## [SUPPLIED MATERIAL]

- Opening Delimiter -

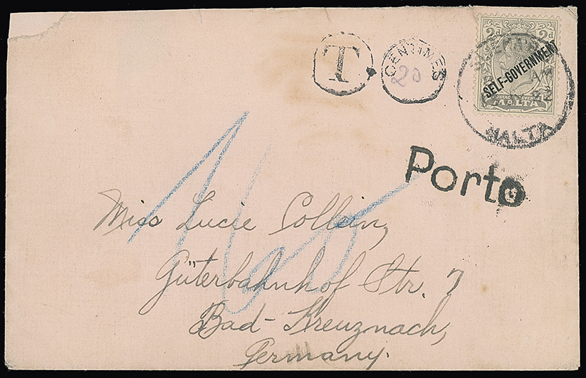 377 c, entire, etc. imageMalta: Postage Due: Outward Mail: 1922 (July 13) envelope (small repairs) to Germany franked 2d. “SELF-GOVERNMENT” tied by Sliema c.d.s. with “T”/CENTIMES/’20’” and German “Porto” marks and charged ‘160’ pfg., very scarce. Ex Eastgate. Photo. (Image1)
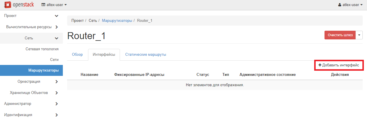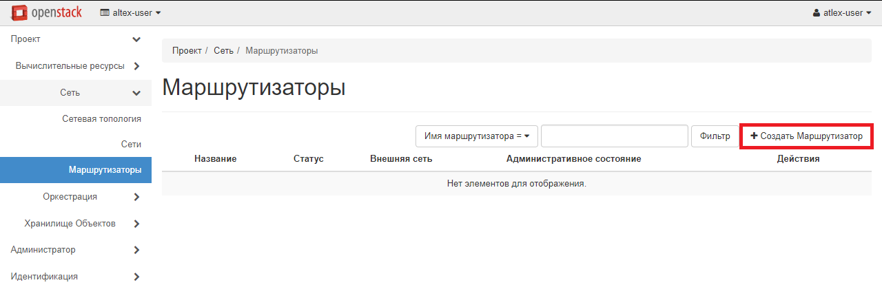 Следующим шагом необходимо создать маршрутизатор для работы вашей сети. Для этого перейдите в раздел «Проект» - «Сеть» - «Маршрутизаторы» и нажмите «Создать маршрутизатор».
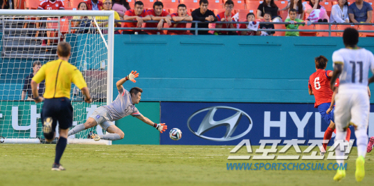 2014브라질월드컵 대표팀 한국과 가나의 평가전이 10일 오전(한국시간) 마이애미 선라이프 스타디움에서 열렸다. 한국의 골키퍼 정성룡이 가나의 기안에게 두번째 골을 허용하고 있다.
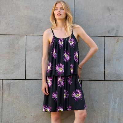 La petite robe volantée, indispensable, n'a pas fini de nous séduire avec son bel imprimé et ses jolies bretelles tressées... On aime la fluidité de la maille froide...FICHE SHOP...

- Closing Delimiter -

Line by line, write out the material above exactly, with no images.

 377 c, entire, etc. imageMalta: Postage Due: Outward Mail: 1922 (July 13) envelope (small repairs) to Germany franked 2d. “SELF-GOVERNMENT” tied by Sliema c.d.s. with “T”/CENTIMES/’20’” and German “Porto” marks and charged ‘160’ pfg., very scarce. Ex Eastgate. Photo. (Image1)
 Следующим шагом необходимо создать маршрутизатор для работы вашей сети. Для этого перейдите в раздел «Проект» - «Сеть» - «Маршрутизаторы» и нажмите «Создать маршрутизатор».
 2014브라질월드컵 대표팀 한국과 가나의 평가전이 10일 오전(한국시간) 마이애미 선라이프 스타디움에서 열렸다. 한국의 골키퍼 정성룡이 가나의 기안에게 두번째 골을 허용하고 있다.
 La petite robe volantée, indispensable, n'a pas fini de nous séduire avec son bel imprimé et ses jolies bretelles tressées... On aime la fluidité de la maille froide...FICHE SHOP...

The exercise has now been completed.